▶ **ASSIGNMENT**:
Beneath this line are entries. Copy the range from the line with "Наша система отслеживает, что" to the line with "户外立式形象标识牌的风格设计", ends included, exactly; leave pictures out.

▶ **DATA SHOWN**:

------------------------------------------------

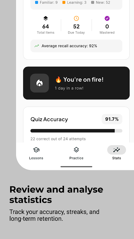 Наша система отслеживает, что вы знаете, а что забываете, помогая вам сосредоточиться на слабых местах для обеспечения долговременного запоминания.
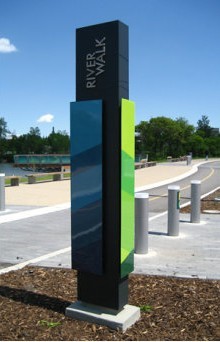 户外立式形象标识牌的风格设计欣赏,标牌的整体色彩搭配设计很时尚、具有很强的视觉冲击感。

------------------------------------------------

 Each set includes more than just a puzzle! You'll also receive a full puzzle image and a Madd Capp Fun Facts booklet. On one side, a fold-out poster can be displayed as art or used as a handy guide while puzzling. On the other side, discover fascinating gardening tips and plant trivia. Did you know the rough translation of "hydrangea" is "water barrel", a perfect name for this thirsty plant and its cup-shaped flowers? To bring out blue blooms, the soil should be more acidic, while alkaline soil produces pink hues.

------------------------------------------------

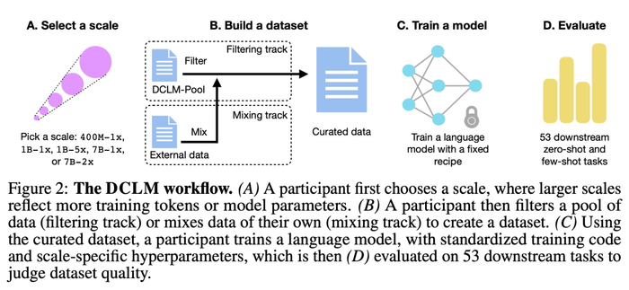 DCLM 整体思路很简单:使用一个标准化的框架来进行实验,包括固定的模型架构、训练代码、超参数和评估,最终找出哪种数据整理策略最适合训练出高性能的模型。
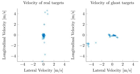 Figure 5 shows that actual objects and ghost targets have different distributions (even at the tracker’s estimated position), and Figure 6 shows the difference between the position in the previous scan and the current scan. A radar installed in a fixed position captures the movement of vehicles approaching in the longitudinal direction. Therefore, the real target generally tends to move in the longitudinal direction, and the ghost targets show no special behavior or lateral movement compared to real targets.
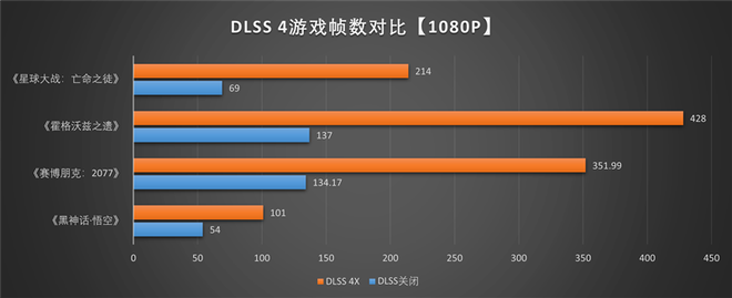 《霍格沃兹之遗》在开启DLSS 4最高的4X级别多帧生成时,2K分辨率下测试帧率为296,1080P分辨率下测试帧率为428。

------------------------------------------------

▶ **FINAL ANSWER**:
 Наша система отслеживает, что вы знаете, а что забываете, помогая вам сосредоточиться на слабых местах для обеспечения долговременного запоминания.
 户外立式形象标识牌的风格设计欣赏,标牌的整体色彩搭配设计很时尚、具有很强的视觉冲击感。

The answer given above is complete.